Сейчас морянку на цепь — семь ден чтоб смирно сидела.
Плывут Серега с тараканом — рубаха заместо ветрила, тараканий ус пошевеливает…
Вона и погост показался, купол святой, золотая маковица на солнышке играет. Видят женки диво, чудятся…
Приплыл Серега к берегу, вышел наземь, стряхнулся, на Божий храм перекрестился, да с женой домой пошел. А таракан живым ходом на печь — простудил старые косточки, погреться хочется…
Прошло семь дней, что часов — дунула морянка, пылит море, взводни рыкают, летит рачий царь к погосту, охота ему христианскую душу заполонить. Пошла великая сутомышь, плачут женки, ребята пищат…
Забыл Серега старые глумы, пошел к попу да и говорит: «Батюшко, помоги, море злобится…» И стал поп у самого моря творить по старой книге моление об укрощении злобы водной. Шумит взводень, спешит пузень рухлый, рачий царь по Серегину душу. Не молкнет море…
И с гневом и властию возгласил попик смиренный, немудрый: «Море виде и побеже, Иордан возвратися вспять». Хлынул взводень и назад побежал, улетела морянка на Грумант отдыхать, о торос железный клюв чистить, с поворотом остался рачий царь — не видать ему Сереги, что куричьих титек аль свиных рожек…
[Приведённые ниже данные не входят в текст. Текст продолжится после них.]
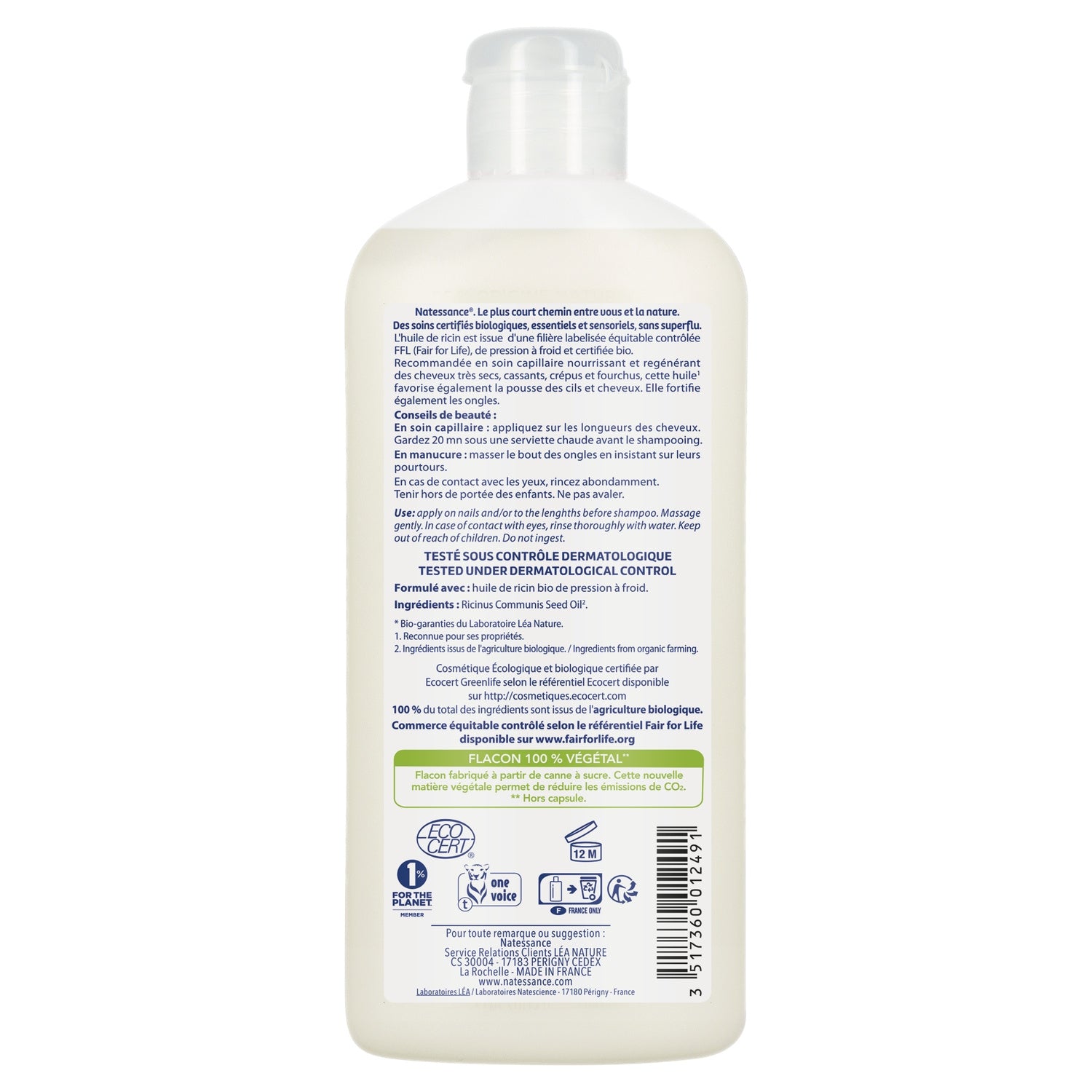RICINUS COMMUNIS (RIZINUSSAMEN)ÖL*Formuliert mit: erstes kaltgepresstes Rizinusöl. 100 % der gesamten Inhaltsstoffe stammen aus biologischem Anbau* Inhaltsstoffe aus biologischem Anbau

Давненько плавал Серега к рачьему царю, а все помнится досюльщина страшная… Взгрызнется с женкой в худой час, зарычит неистово: «Кухта-мухта некрещеная, хошь, к рачьему царю уплыву?» А женка его ухватом гвозданет, кликнет чайкой несытой: «Молчи, бес семигорбяшный! Шутейно плавать всяк горазд, морока окаянная, бурзачило поганое!»
МУРАШ ПРЕМУДРЫЙ
(
В самом глухмяном да темнущем суземке, на зверином путике, под сосной толстущей жил мураш премудрый — мурашиный царь. Жил не попросту, затейно бытовал в палатах мурашиных — по-вашему, просто куча будет, а поди, заберись — там тебе и ходики, и переходики, и горенки, и спаленки, и на всякую потребу всего напасено, и мурашицы поют, мураша премудрого веселят, и мурашиное войско лютует, подраться хочет, и кухари с утра раннего до ночной глухомани заедки на потеху мурашиную готовят.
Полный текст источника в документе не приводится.